## Exercise goal
Pictures aside, write every record out again word for word.

## Dataset records
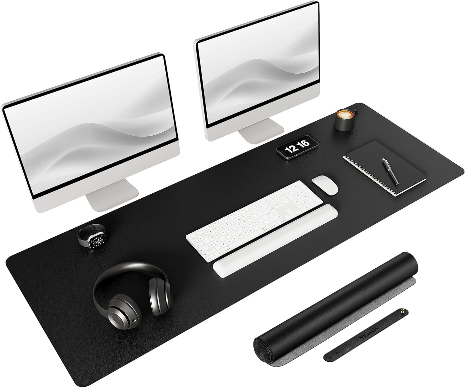 YSAGi Non-Slip Leather Desk Pad Long Size, Waterproof Laptop Computer Desk Keyboard Mat, Table Protector Blotter Mat, Large Mouse Pad for Office/Work/Home/Decor(Black, 47" x 17")
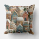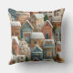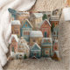 A hand drawn and painted town of gingerbread houses in muted red, orange, green and blue with touches of white. A charming Christmas season blanket. Look for the matching pillow in the same design.
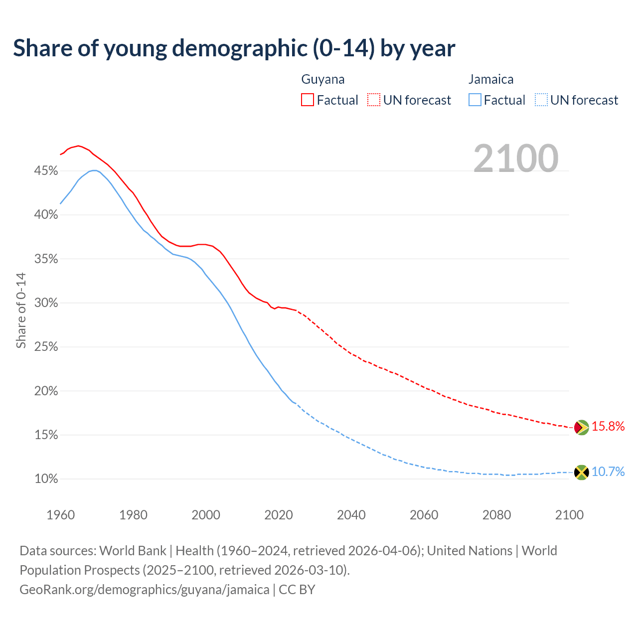 - The share of young demographic (0-15 years old) in Guyana is 29.2% vs 18.7% in Jamaica.
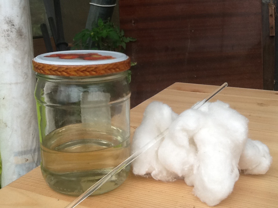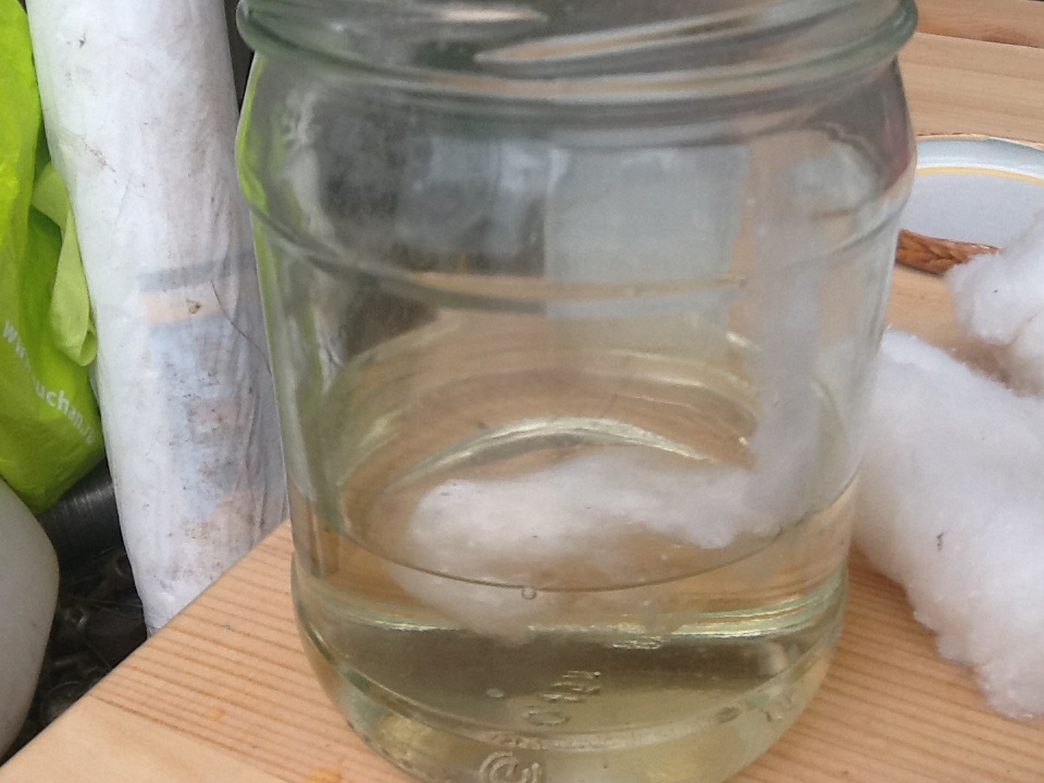 Смешал кислоты, дал отстояться в бочке с водой (кстати, температура поднилась совсем не значительно, градусов на 5, максимум, 10). Но с нитросмеси продолжали активно лететь пары азотной кислоты, пришлось "изобретать" влажную ткань, для защиты дыхания. В прохладную нитрующую смесь стал по кусочкам добавлять вату и тщательно "отжимать" (очень важно, чтоб вата пропиталась полностью). Когда погрузил всю вату, закрыл на банке крышку (лучше использовать колбу на шлифе, но все три большие были заняты, поэтому решил, что и под действием паров кислоты на пару суток крышки хватит (тем более, возможно, метал будет пассифицироваться)).
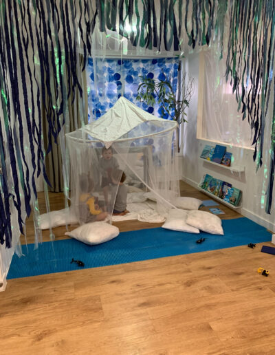 This project actually started in Antarctica, as the children were particularly interested in penguins at the time. During this stage the thoughts were around “How cold is Antarctica?” “Do people live there? “What other animals are there?”. The children built igloos, explored sensory ice trays, and read a range of books containing information to help form answers to these questions. As they moved to other ocean areas like coral reefs and the deep sea, the visual learning grew, creating a map of thoughts, ideas and shared knowledge that helped inform emergent questions.
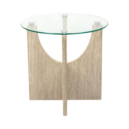 Table d'appoint Ø45cm plateau verre et piétement en MDF aspect travertin - VERTINA.
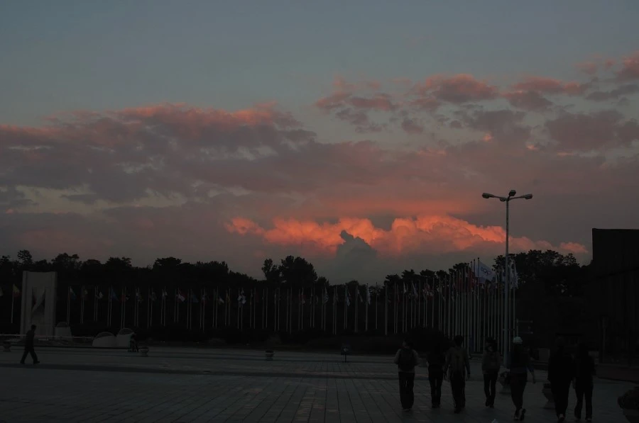 4. 해질녘 몽촌토성에 올라 붉은빛이 감돌기 시작하는 하늘의 풍경

## Written response
 YSAGi Non-Slip Leather Desk Pad Long Size, Waterproof Laptop Computer Desk Keyboard Mat, Table Protector Blotter Mat, Large Mouse Pad for Office/Work/Home/Decor(Black, 47" x 17")
 A hand drawn and painted town of gingerbread houses in muted red, orange, green and blue with touches of white. A charming Christmas season blanket. Look for the matching pillow in the same design.
 - The share of young demographic (0-15 years old) in Guyana is 29.2% vs 18.7% in Jamaica.
 Смешал кислоты, дал отстояться в бочке с водой (кстати, температура поднилась совсем не значительно, градусов на 5, максимум, 10). Но с нитросмеси продолжали активно лететь пары азотной кислоты, пришлось "изобретать" влажную ткань, для защиты дыхания. В прохладную нитрующую смесь стал по кусочкам добавлять вату и тщательно "отжимать" (очень важно, чтоб вата пропиталась полностью). Когда погрузил всю вату, закрыл на банке крышку (лучше использовать колбу на шлифе, но все три большие были заняты, поэтому решил, что и под действием паров кислоты на пару суток крышки хватит (тем более, возможно, метал будет пассифицироваться)).
 This project actually started in Antarctica, as the children were particularly interested in penguins at the time. During this stage the thoughts were around “How cold is Antarctica?” “Do people live there? “What other animals are there?”. The children built igloos, explored sensory ice trays, and read a range of books containing information to help form answers to these questions. As they moved to other ocean areas like coral reefs and the deep sea, the visual learning grew, creating a map of thoughts, ideas and shared knowledge that helped inform emergent questions.
 Table d'appoint Ø45cm plateau verre et piétement en MDF aspect travertin - VERTINA.
 4. 해질녘 몽촌토성에 올라 붉은빛이 감돌기 시작하는 하늘의 풍경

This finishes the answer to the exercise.